## Problem to solve:
Output all of the records word for word and drop the images.

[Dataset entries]
▶
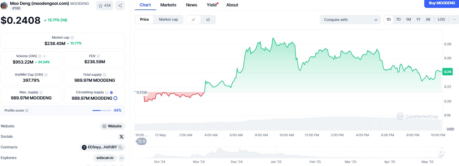 The coin’s fully diluted valuation currently stands at $238.59 million. At the time of reporting, MOODENG is trading at $0.24, reflecting intense bullish pressure.
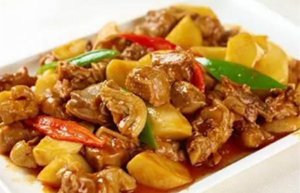 晚餐:玉米鸡丁、花菜炒肉片、酸辣粉条、莲藕红豆汤
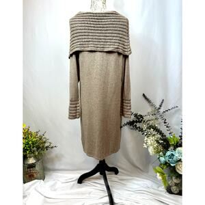 Philosophy Cowl Neck Crochet Overlay with Matching Cuffs Dress Taupe XL
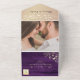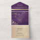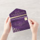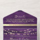 Set the tone for your special day with this rustic purple wood and string lights wedding invitation. Featuring faux gold floral accents and a customisable photo on the back, this all-in-one design offers a cohesive and elegant look for your celebration.
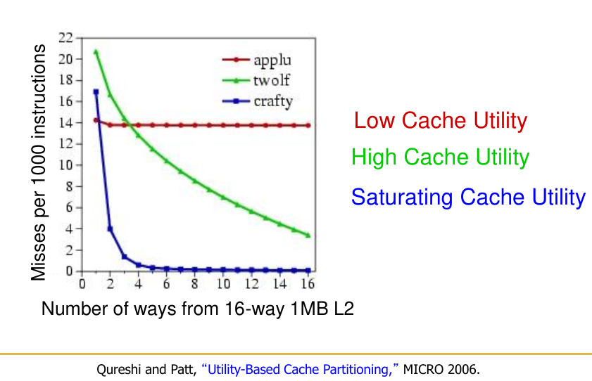 Larger caches can hold more of an application’s working set (actively used data), improving temporal locality and hit rates. However, very large caches are slower and costlier. The benefit of increasing cache size varies greatly among applications, with some showing low utility, some high utility, and others saturating once their working set fits.
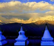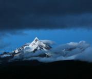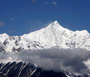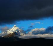梅里雪山,太子雪山主峰卡瓦格博,藏语“白色雪山”之意,俗称“雪山之神”。传说原是九头十八臂的凶恶煞神,后被莲花生大师教化,受居士戒,皈依佛门,做了千佛之子领乃制敌宝珠雄师大王格萨尔麾下一员神将,从此统领边地,福荫雪域。卡瓦格博神像常常被供奉在神坛之上,他身骑白马,手持长剑,威风凛凛,俨然一位保护神。
◀
## Output below:
 The coin’s fully diluted valuation currently stands at $238.59 million. At the time of reporting, MOODENG is trading at $0.24, reflecting intense bullish pressure.
 晚餐:玉米鸡丁、花菜炒肉片、酸辣粉条、莲藕红豆汤
 Philosophy Cowl Neck Crochet Overlay with Matching Cuffs Dress Taupe XL
 Set the tone for your special day with this rustic purple wood and string lights wedding invitation. Featuring faux gold floral accents and a customisable photo on the back, this all-in-one design offers a cohesive and elegant look for your celebration.
 Larger caches can hold more of an application’s working set (actively used data), improving temporal locality and hit rates. However, very large caches are slower and costlier. The benefit of increasing cache size varies greatly among applications, with some showing low utility, some high utility, and others saturating once their working set fits.
梅里雪山,太子雪山主峰卡瓦格博,藏语“白色雪山”之意,俗称“雪山之神”。传说原是九头十八臂的凶恶煞神,后被莲花生大师教化,受居士戒,皈依佛门,做了千佛之子领乃制敌宝珠雄师大王格萨尔麾下一员神将,从此统领边地,福荫雪域。卡瓦格博神像常常被供奉在神坛之上,他身骑白马,手持长剑,威风凛凛,俨然一位保护神。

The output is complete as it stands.